When speaking about this with Andi Kleen, he was suggesting that we maybe
want to not have a per-cpu lists but a list per a batch of CPUs (say 8, the
actual number would be tuned during boot based on the number of actual
CPUs). That may be an option as well.

I wouldn't like to block this series just for this patch since all the
others are fine (modulo some minor comments). So could you repost the
series without this patch so that it can get queued for the coming merge
window? It should be easy to rebase the patch 9/9 to not need this patch.

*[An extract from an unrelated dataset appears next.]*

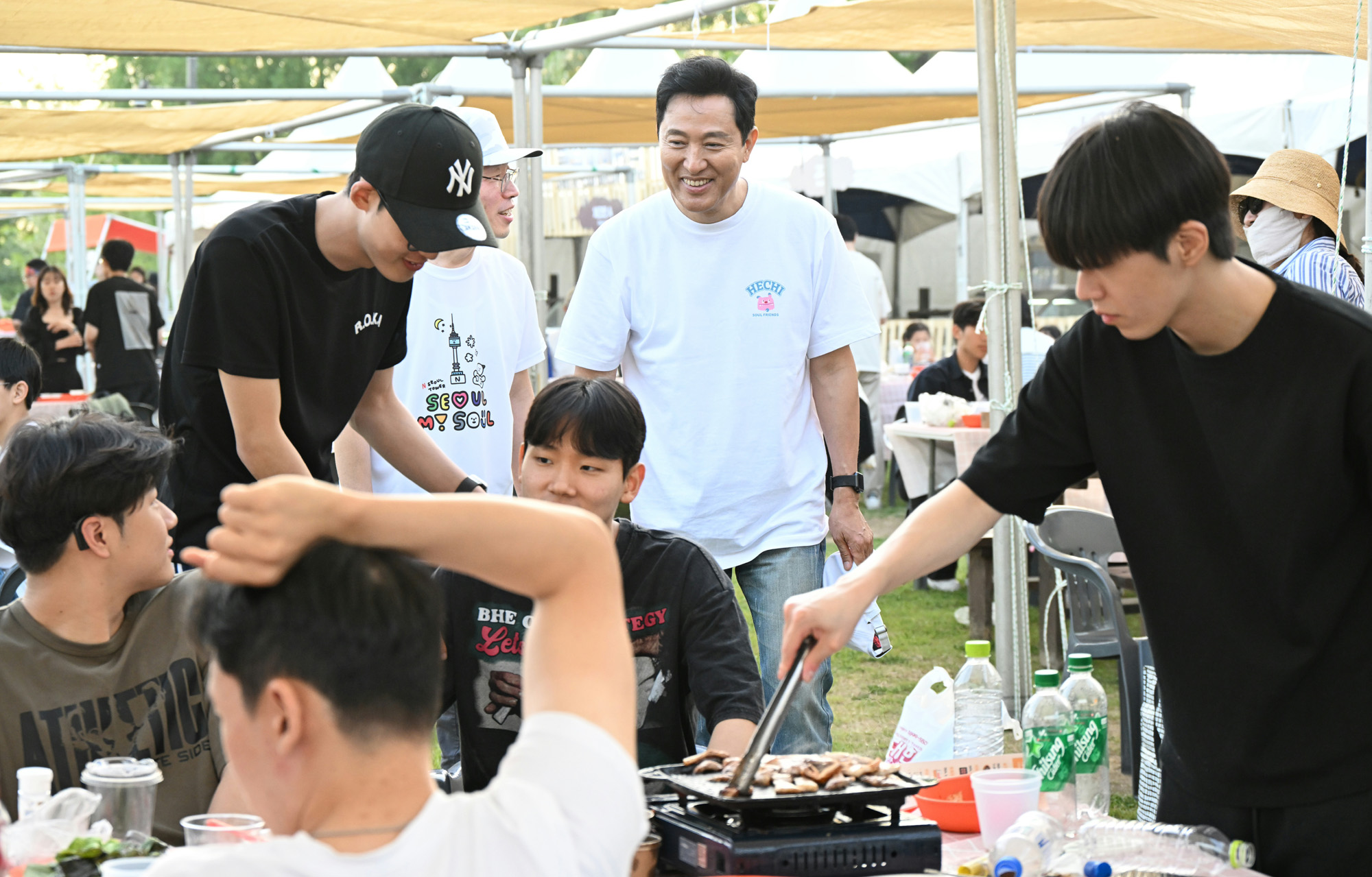 오세훈 서울시장이 4일 서울 마포구 노을공원에서 열린 서울 고기굽굽 피크닉을 찾아 행사장을 둘러보고 있다. 서울시 제공

> diff --git a/fs/block_dev.c b/fs/block_dev.c
> index 2eb2436..d23ce6f 100644
> --- a/fs/block_dev.c
> +++ b/fs/block_dev.c
> @@ -1749,38 +1749,56 @@ int __invalidate_device(struct block_device *bdev, bool kill_dirty)
> }
> EXPORT_SYMBOL(__invalidate_device);
>
> -void iterate_bdevs(void (*func)(struct block_device *, void *), void *arg)
> -{
> - struct inode *inode, *old_inode = NULL;
> +struct bdev_iter {
> + void (*func)(struct block_device *, void *);
> + void *arg;
> + struct inode *toput_inode;
> +};
>
> - spin_lock(&blockdev_superblock->s_inode_list_lock);
> - list_for_each_entry(inode, &blockdev_superblock->s_inodes, i_sb_list) {
> - struct address_space *mapping = inode->i_mapping;
> +static enum lru_status
> +bdev_iter_cb(struct list_head *item, struct list_lru_one *lru,
> + spinlock_t *lock, void *cb_arg)
> +{
> + struct bdev_iter *iter = cb_arg;
> + struct inode *inode = container_of(item, struct inode, i_sb_list);
>
> - spin_lock(&inode->i_lock);
> - if (inode->i_state & (I_FREEING|I_WILL_FREE|I_NEW) ||
> - mapping->nrpages == 0) {
> - spin_unlock(&inode->i_lock);
> - continue;
> - }
> - __iget(inode);
> + spin_lock(&inode->i_lock);
> + if (inode->i_state & (I_FREEING|I_WILL_FREE|I_NEW) ||
> + inode->i_mapping->nrpages == 0) {
> spin_unlock(&inode->i_lock);
> - spin_unlock(&blockdev_superblock->s_inode_list_lock);
> - /*
> - * We hold a reference to 'inode' so it couldn't have been
> - * removed from s_inodes list while we dropped the
> - * s_inode_list_lock We cannot iput the inode now as we can
> - * be holding the last reference and we cannot iput it under
> - * s_inode_list_lock. So we keep the reference and iput it
> - * later.
> - */
> - iput(old_inode);
> - old_inode = inode;
> + return LRU_SKIP;
> + }
> + __iget(inode);
> + spin_unlock(&inode->i_lock);
> + spin_unlock(lock);
>
> - func(I_BDEV(inode), arg);
> + iput(iter->toput_inode);
> + iter->toput_inode = inode;
>
> - spin_lock(&blockdev_superblock->s_inode_list_lock);
> - }
> - spin_unlock(&blockdev_superblock->s_inode_list_lock);
> - iput(old_inode);
> + iter->func(I_BDEV(inode), iter->arg);
> +
> + /*
> + * Even though we have dropped the lock here, we can return LRU_SKIP as
> + * we have a reference to the current inode and so it's next pointer is
> + * guaranteed to be valid even though we dropped the list lock.
> + */
> + spin_lock(lock);
> + return LRU_SKIP;
> +}
So I actually think doing the iteration like this is buggy with list_lru
code. When we pin inode by grabbing i_count, we are only sure the inode
won't go away under us. However there's nothing which protects from list
modifications. So this method is only safe to be combined with
list_for_each[_entry](). Specifically it does *not* work when combined with
list_for_each_safe() which __list_lru_walk_one() uses because the next
pointer that is cached may become invalid once we drop the lock. And I'd
really hate to try to make these two work together - that would seem really
fragile since subtle changes to how lru_list iteration work could break
inode iteration.

This is true for all the iterations over the inodes that are playing with
i_count. It's not just about this particular case of blockdev iteration.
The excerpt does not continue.